Given a dense an undirected graph $G=(V,E)$ where I have a large amount of vertices and $|E|\in O(|V|^2)$ many edges, I would like to check whether it contains a cross/parallel (unrelated) edge pair. These are $2$ edges $\left(v_1, v_2\right)$ and $\left(v_3, v_4\right)$ such that for any $i<j$ (excluding $i=1,j=2$ and $i=3,j=4$) there is no edge $\left( v_i , v_j \right)$. In other words, the only $2$ edges are $\left(v_1, v_2\right)$ and $\left(v_3, v_4\right)$.

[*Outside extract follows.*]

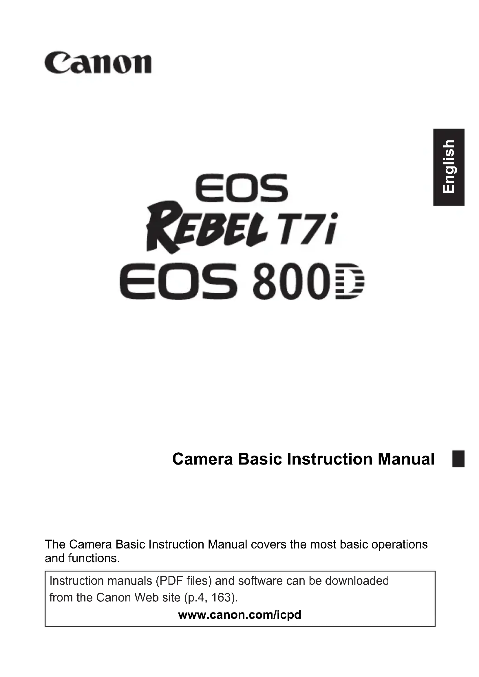 Manual de instrucciones básicas Mode d’emploi de base Basic Instruction Manual Français EnglishEspañolThe Camera Basic Instruction Manual covers the most basic operations and functions. Camera Basic Instruction Manual Instruction manuals (PDF files) and software can be downloaded from the Canon Web site (p.4, 163). English www.canon.com/icpd2 The EOS REBEL T7i or EOS 800D is a digital single-lens reflex camera featuring a fine-detail CMOS sensor with approx. 24.2 effective megapixels, DIGIC 7, high-precision and high-speed 45-point AF (up to 45 cross-type AF points), maximum continuous shooting speed of approx. 6.0 shots/sec., Live View shooting, Full High-Definition (Full HD) movie shooting, and Wi-Fi/NFC/Bluetooth (wireless communication) function. Before Starting to Shoot, Be Sure to Read the Following To avoid botched pictures and accidents, first read the “Safety Precautions” (p.15-17) and “Handling Precautions” (p.18-20). Also, read this manual carefully to ensure that you use the camera correctly. Refer to This Manual while Using the Camera to Further Familiarize Yourself with the Camera While reading this manual, take a few test shots and see how they come out. You can then better understand the camera. Be sure to store this manual safely, too, so that you can refer to it again when necessary. Testing the Camera Before Use and Liability After shooting, play images back and check whether they have been properly recorded. If the camera or memory card is faulty and the images cannot be recorded or downloaded to a computer, Canon cannot be held liable for any loss or inconvenience caused. Copyrights Copyright laws in your country may prohibit the use of your recorded images or copyrighted music and images with music on the memory card for anything other than private enjoyment. Also be aware that certain public performances, exhibitions, etc., may prohibit photography even for private enjoyment. Introduction3 Before starting, check that all the following items are included with your camera. If anything is missing, contact your dealer.

This is a subroutine that is expected to be called frequently (on different graphs, so I can't use partial results from previous iterations), so I'm trying to save valuable runtime.

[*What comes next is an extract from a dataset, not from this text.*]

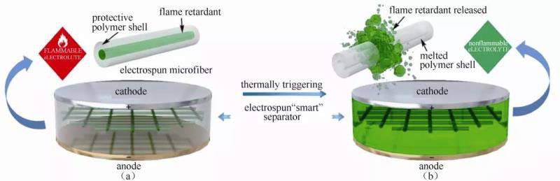 (3)發(fā)展聚合物微膠囊包裹阻燃劑的實用技術(shù),保證阻燃劑只在極端失控情況下起作用,并在大容量電池中驗證此技術(shù)。

The initial naive approach is $|E|^2 = |V|^4$ by having's $O(1)$ boolean conditions to be checked for any pair of edges, but this is highly not effective.

I have been thinking to look at $\overline{G}$, and check to see if it is a chordal graph and also if it contains $C_4$. I know that a LEX-BFS approach can verify in $O(|V|+|E|)$ if $\overline{G}$ is chordal or not (see Rose, Lueker & Tarjan (1976)), and that in $O(|V|^2)$ it is possible to check if $\overline{G}$ contains $C_4$ by a variant of BFS.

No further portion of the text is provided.